Breaking the Encoder Barrier for Seamless Video-Language Understanding¶

Conference: ICCV 2025 arXiv: 2503.18422 Code: None Area: Video Understanding / Video Large Language Models Keywords: encoder-free, Video-LLM, token merging, video guidance, hybrid resolution

TL;DR¶

This paper proposes ELVA, the first encoder-free Video Large Language Model (Video-LLM), which achieves performance comparable to encoder-based architectures through hierarchical token merging, video guidance supervision, and hybrid resolution inference, using only 7M publicly available video-text pairs while reducing FLOPs by 95% and inference latency by 92%.

Background & Motivation¶

Existing Video-LLMs almost universally adopt an "encoder + decoder" framework (e.g., CLIP encoder + LLM), which suffers from three fundamental limitations:

Accumulated computational overhead: Videos require per-frame feature extraction through the visual encoder, with costs scaling linearly with frame count; large encoders (e.g., InternViT-6B) further exacerbate this issue.

Spatiotemporal resolution constraints: Encoders impose resolution biases on fixed-size visual representations, preventing dynamic adaptation to content.

Multimodal interaction bottleneck: Reliance on pre-extracted features limits low-level interaction between video pixels and text tokens, as well as inter-frame dependency modeling.

Encoder-free approaches have been explored in the image domain (Fuyu, EVE), but the high dimensionality and temporal dependencies of video data introduce additional challenges.
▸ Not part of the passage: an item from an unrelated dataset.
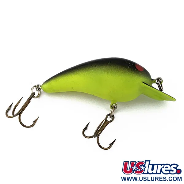 Une finition vert mat avec un dos sombre contrasté définit ce modèle, reprenant l'esthétique classique de Norman, souvent privilégiée pour les eaux teintées. Pesant 1/4 oz (7 g), le Baby N est dimensionné pour cibler le black-bass dans les structures peu profondes et mesure 2 1/4" (5,5 cm) de longueur. Ce modèle flottant est conçu avec une chambre de billes interne pour une présentation sonore, que ce soit au lancer ou à la traîne. Sa bavette est configurée pour atteindre des profondeurs comprises entre 0,6 et 1,2 m (2 - 4 ft), ce qui en fait un choix efficace pour les profondeurs intermédiaires. Identifié par le code produit 18493, le leurre dispose d'un œil rouge vif qui offre un point d'attaque visible sur le corps vert chartreuse. L'armement d'origine est en excellent état, reflétant une note de condition de 5/5. L'héritage de fabrication américaine de Norman se manifeste par des lignes de jointure nettes et une finition constante sur ce crankbait de 1/4 oz (7 g).

ELVA aims to demonstrate that encoder-free Video-LLMs can achieve competitive performance.

Method¶

Overall Architecture¶

ELVA is built on the Qwen2 LLM backbone and directly processes raw video pixels. Key techniques include: a Native Video Tokenizer that preserves original resolution and aspect ratio, a lightweight video patch embedding layer for spatiotemporal pre-modeling, hierarchical token merging for progressive compression of redundant information, and video guidance supervision for learning spatiotemporal representations.

Key Designs¶

Native Video Tokenization:
- Video frames are directly partitioned into patches at their original resolution without preprocessing.
- Special tokens are introduced: <FRAME> marks the start of each frame, and <LINE> marks the end of each patch row (in raster scan order).
- Advantage: supports video input at arbitrary resolution and frame length.
Video Patch Embedding Layer:
- A lightweight spatiotemporal pre-modeling module with only 9M parameters.
- Learnable <LINE> tokens are appended to each row of patches, and learnable <FRAME> tokens are appended to each frame.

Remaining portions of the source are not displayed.